▶ **WORK REQUEST**
An exact copy of the lines from the top of the data through the line with "技术点评:空头力动力延续布林" is what you should give, with no pictures in it.

*** Opening of INFORMATION SHOWN ***

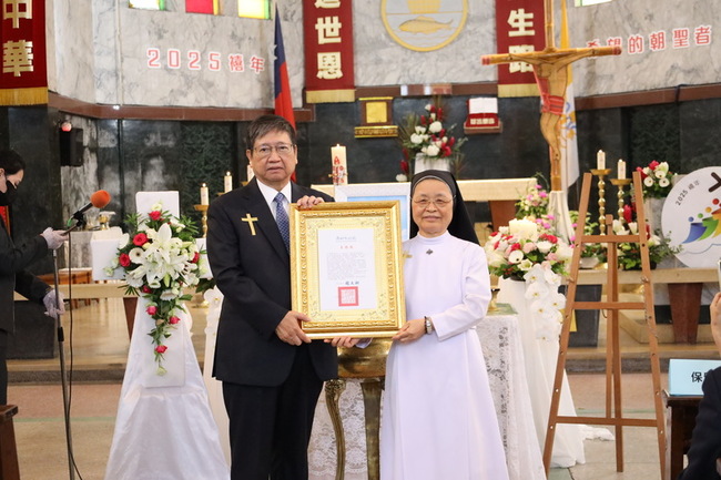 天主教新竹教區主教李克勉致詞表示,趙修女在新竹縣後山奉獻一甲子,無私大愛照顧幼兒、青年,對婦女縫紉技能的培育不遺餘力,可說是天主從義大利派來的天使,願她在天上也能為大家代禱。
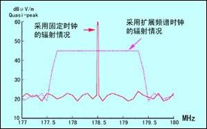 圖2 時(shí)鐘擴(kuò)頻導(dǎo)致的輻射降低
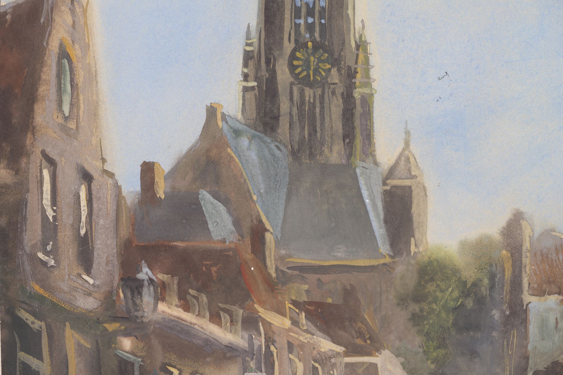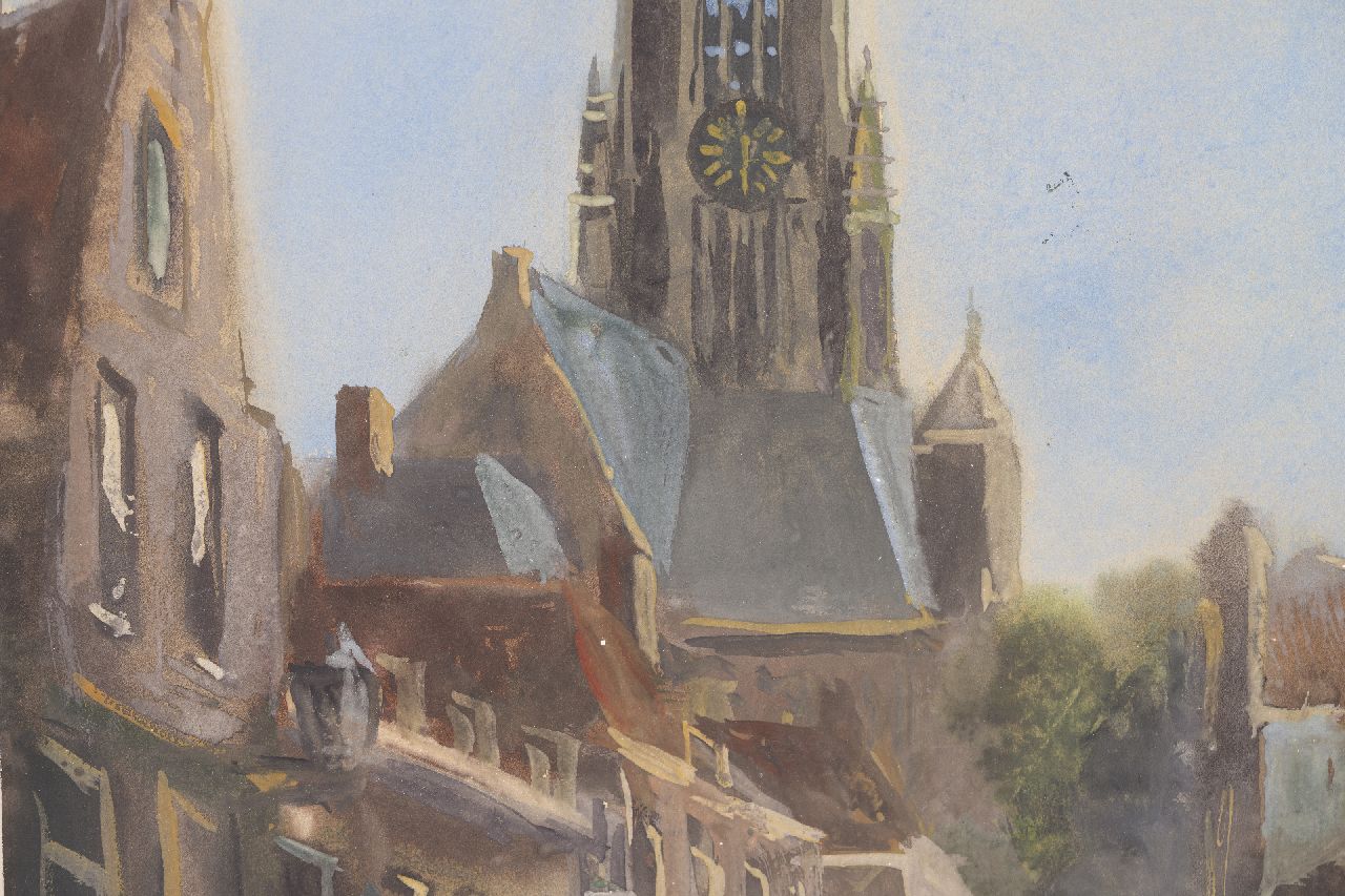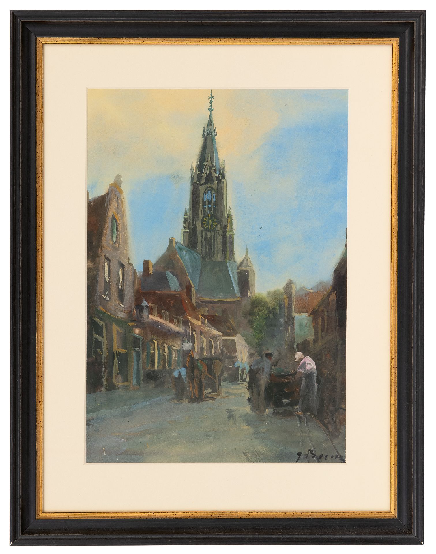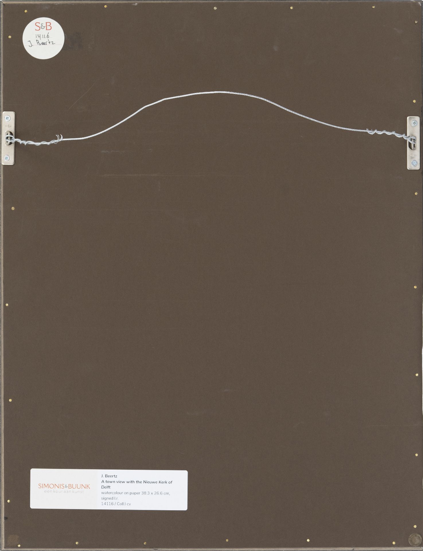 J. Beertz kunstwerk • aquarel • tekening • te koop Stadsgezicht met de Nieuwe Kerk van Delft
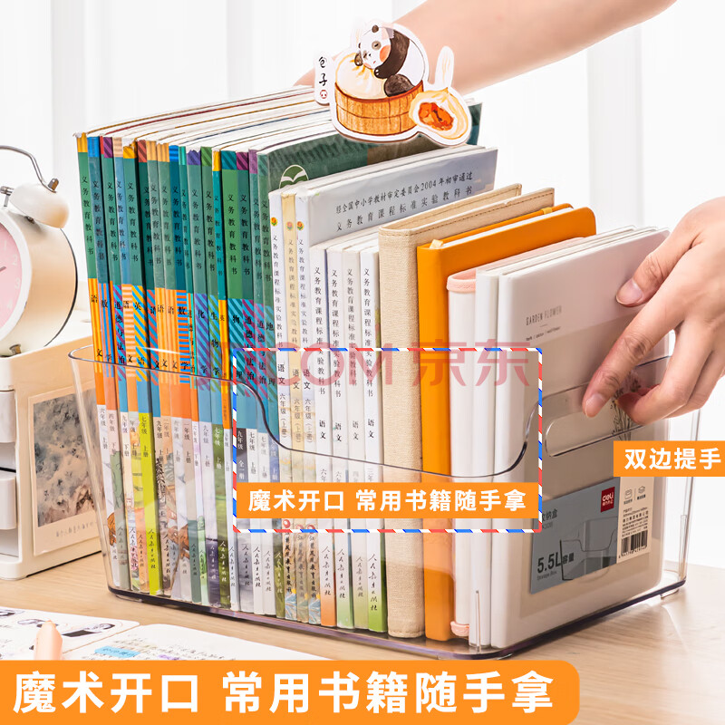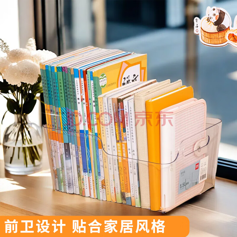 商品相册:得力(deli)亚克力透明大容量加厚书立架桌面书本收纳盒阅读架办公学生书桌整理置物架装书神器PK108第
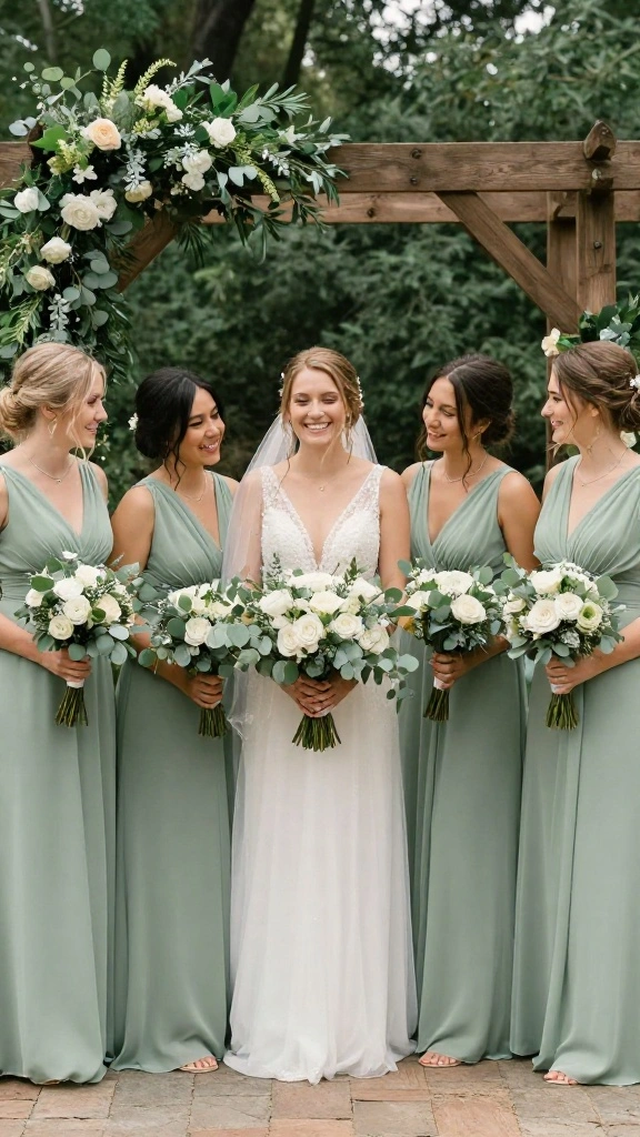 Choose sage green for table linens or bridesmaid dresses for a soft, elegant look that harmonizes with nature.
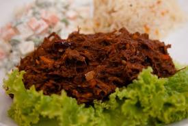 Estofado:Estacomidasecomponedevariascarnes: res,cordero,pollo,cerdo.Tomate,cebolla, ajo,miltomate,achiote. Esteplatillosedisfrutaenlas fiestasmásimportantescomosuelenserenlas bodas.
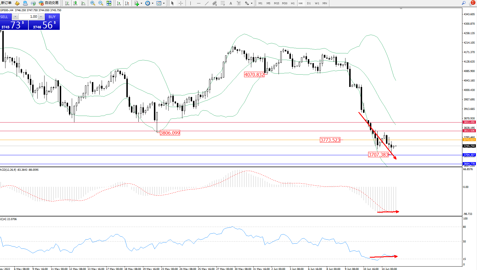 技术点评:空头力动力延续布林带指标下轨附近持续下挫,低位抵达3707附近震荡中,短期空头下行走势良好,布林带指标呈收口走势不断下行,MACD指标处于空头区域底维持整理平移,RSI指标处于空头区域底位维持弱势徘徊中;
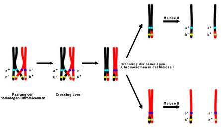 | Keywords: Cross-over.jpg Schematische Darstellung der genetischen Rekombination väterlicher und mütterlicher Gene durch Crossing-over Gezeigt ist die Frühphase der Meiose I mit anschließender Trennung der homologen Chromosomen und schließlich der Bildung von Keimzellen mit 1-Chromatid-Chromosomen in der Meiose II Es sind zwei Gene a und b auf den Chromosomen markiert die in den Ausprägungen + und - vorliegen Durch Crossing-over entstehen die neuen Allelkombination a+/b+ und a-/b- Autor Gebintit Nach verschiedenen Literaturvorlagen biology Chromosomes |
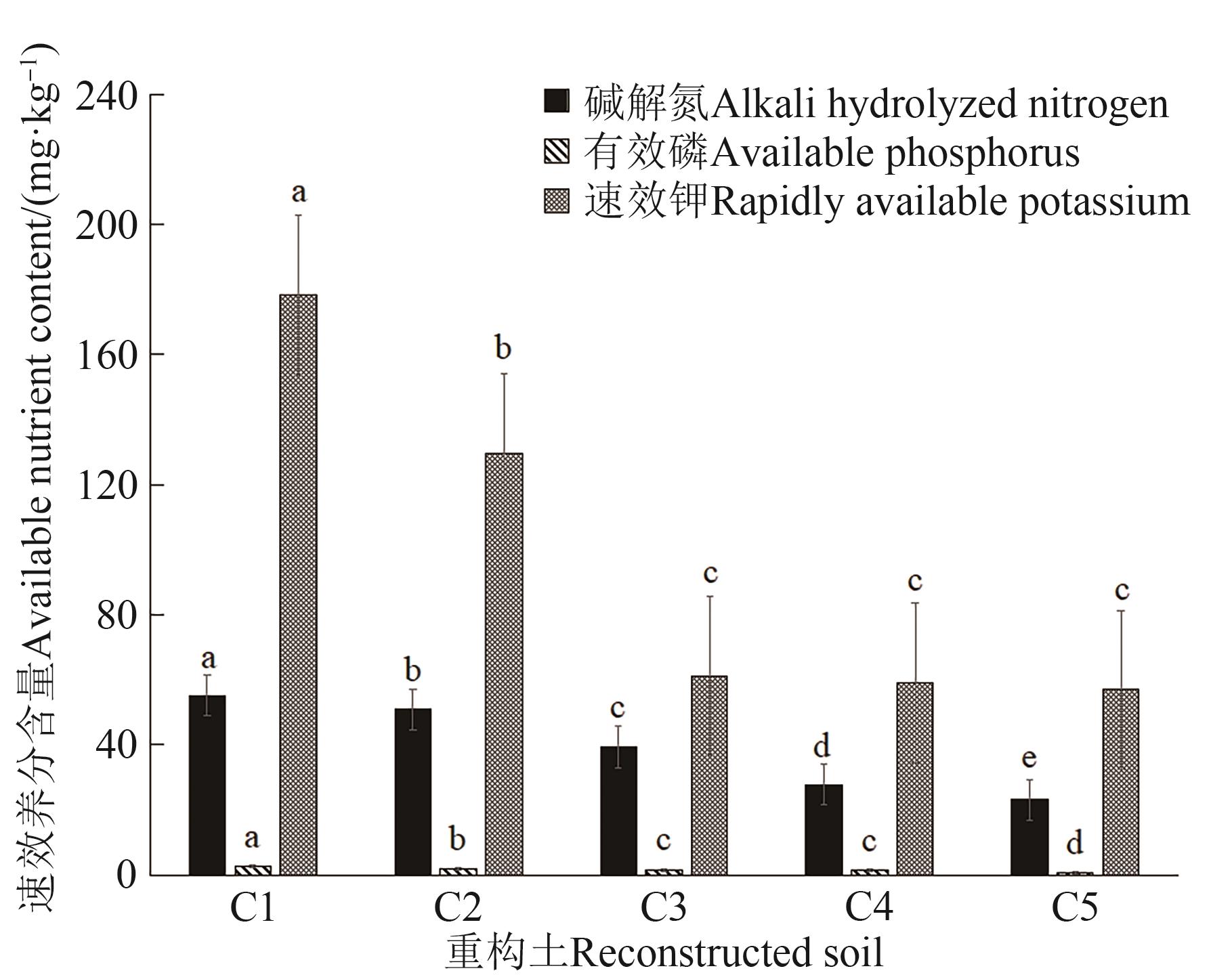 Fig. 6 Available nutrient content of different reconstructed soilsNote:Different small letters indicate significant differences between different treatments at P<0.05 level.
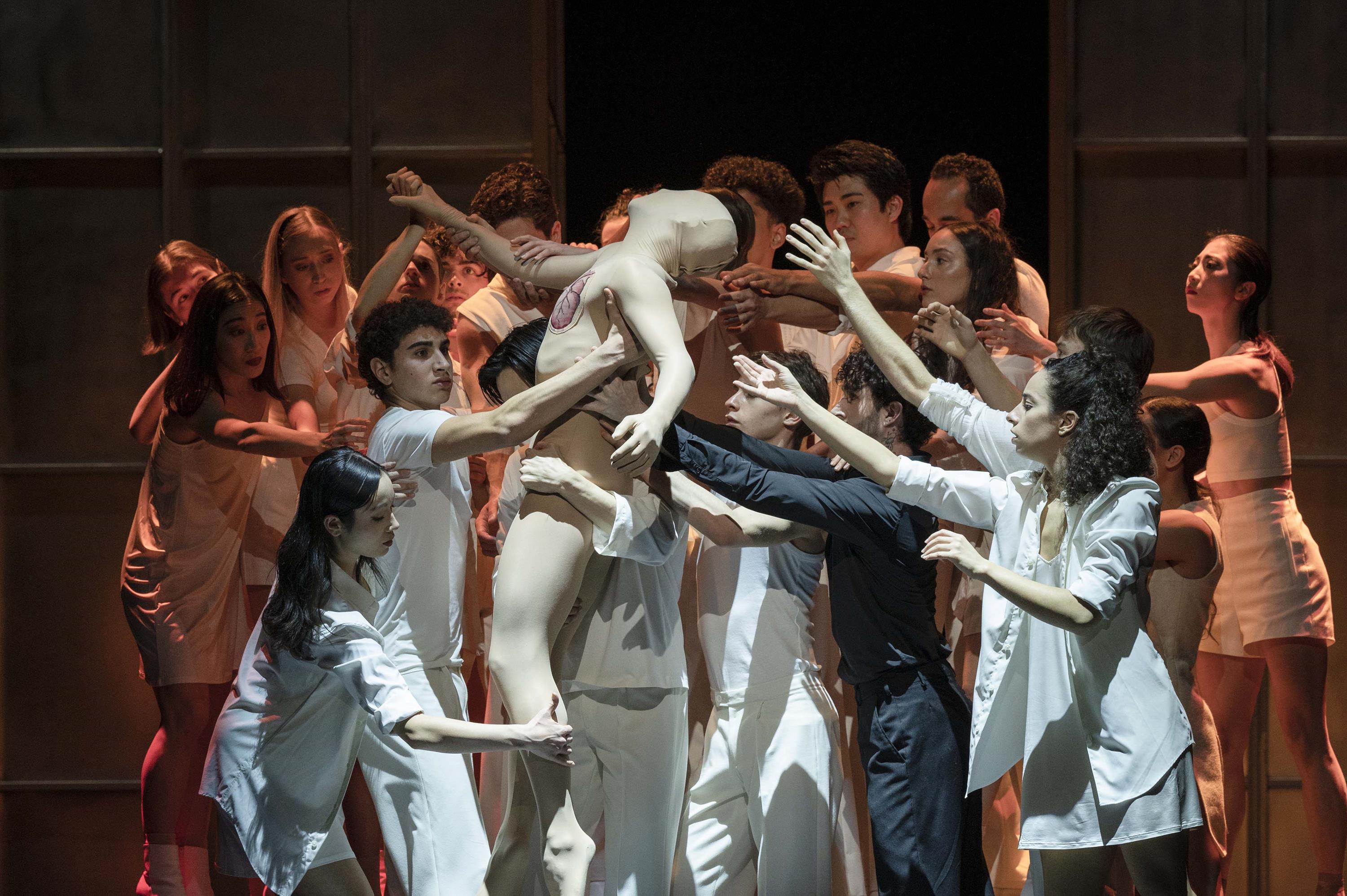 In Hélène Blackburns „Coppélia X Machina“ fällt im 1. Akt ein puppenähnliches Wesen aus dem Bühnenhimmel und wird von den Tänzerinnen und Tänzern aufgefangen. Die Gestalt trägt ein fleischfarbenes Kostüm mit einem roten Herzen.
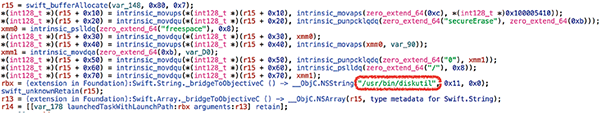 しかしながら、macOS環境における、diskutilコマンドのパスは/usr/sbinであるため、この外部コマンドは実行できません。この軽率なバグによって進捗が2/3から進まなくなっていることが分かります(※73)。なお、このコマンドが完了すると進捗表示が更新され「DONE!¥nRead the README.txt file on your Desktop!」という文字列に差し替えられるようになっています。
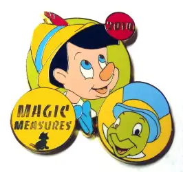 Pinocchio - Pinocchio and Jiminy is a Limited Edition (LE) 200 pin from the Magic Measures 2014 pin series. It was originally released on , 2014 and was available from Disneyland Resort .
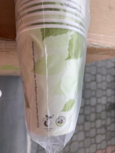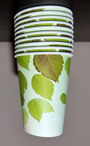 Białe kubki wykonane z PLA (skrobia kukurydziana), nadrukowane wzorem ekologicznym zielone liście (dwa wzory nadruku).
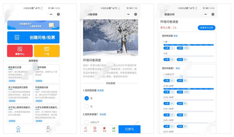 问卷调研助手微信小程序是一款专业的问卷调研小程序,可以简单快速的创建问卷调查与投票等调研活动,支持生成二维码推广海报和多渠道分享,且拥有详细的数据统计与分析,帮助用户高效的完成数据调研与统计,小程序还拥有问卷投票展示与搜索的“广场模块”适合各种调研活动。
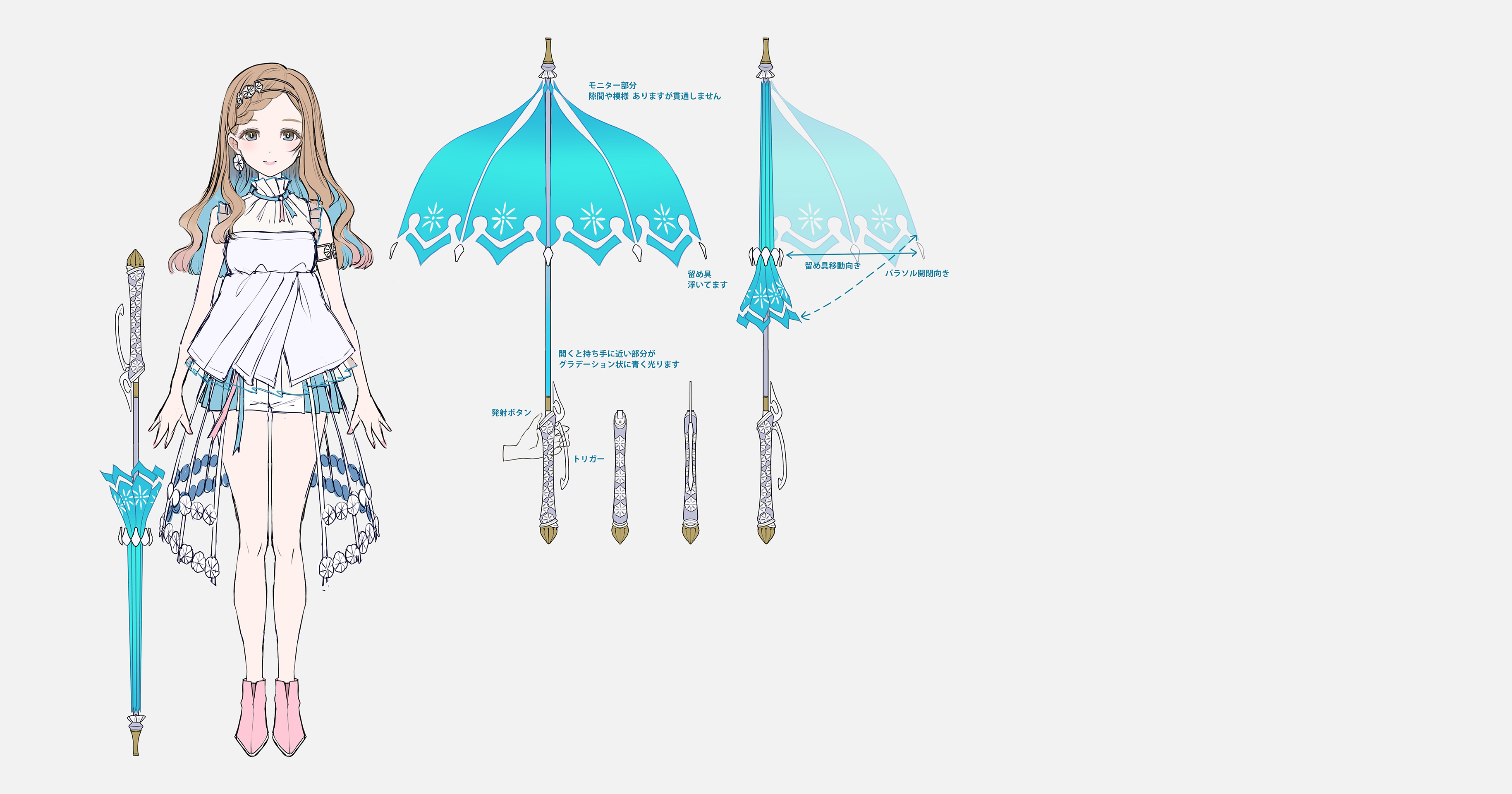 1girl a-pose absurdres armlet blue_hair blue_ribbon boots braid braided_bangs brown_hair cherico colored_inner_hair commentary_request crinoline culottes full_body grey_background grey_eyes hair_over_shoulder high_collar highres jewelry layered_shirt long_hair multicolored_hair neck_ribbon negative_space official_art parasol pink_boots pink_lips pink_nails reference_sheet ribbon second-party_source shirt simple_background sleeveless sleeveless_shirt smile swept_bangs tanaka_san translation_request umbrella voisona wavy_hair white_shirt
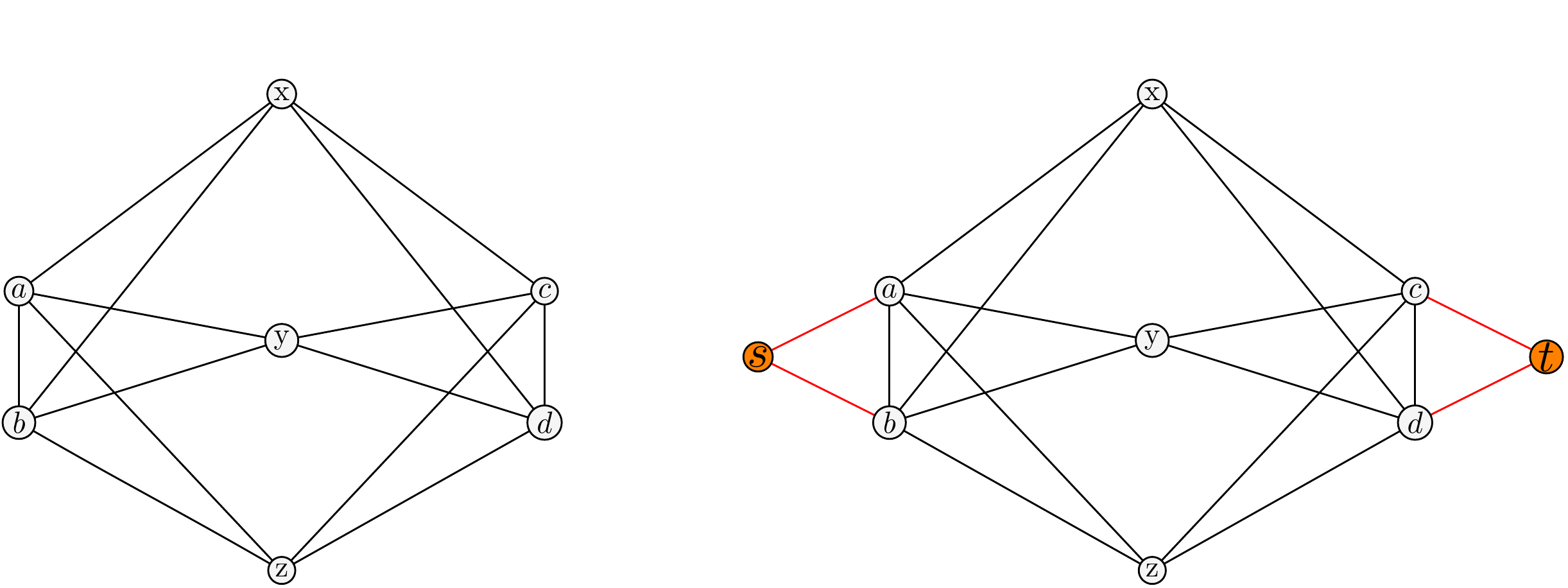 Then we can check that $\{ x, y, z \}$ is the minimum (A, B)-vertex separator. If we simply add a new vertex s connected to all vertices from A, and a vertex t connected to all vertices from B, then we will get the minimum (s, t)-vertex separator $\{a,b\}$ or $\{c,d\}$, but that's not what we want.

*** Close of INFORMATION SHOWN ***

▶ **RESPONSE TO THE TASK**
 天主教新竹教區主教李克勉致詞表示,趙修女在新竹縣後山奉獻一甲子,無私大愛照顧幼兒、青年,對婦女縫紉技能的培育不遺餘力,可說是天主從義大利派來的天使,願她在天上也能為大家代禱。
 圖2 時(shí)鐘擴(kuò)頻導(dǎo)致的輻射降低
 J. Beertz kunstwerk • aquarel • tekening • te koop Stadsgezicht met de Nieuwe Kerk van Delft
 商品相册:得力(deli)亚克力透明大容量加厚书立架桌面书本收纳盒阅读架办公学生书桌整理置物架装书神器PK108第
 Choose sage green for table linens or bridesmaid dresses for a soft, elegant look that harmonizes with nature.
 Estofado:Estacomidasecomponedevariascarnes: res,cordero,pollo,cerdo.Tomate,cebolla, ajo,miltomate,achiote. Esteplatillosedisfrutaenlas fiestasmásimportantescomosuelenserenlas bodas.
 技术点评:空头力动力延续布林带指标下轨附近持续下挫,低位抵达3707附近震荡中,短期空头下行走势良好,布林带指标呈收口走势不断下行,MACD指标处于空头区域底维持整理平移,RSI指标处于空头区域底位维持弱势徘徊中;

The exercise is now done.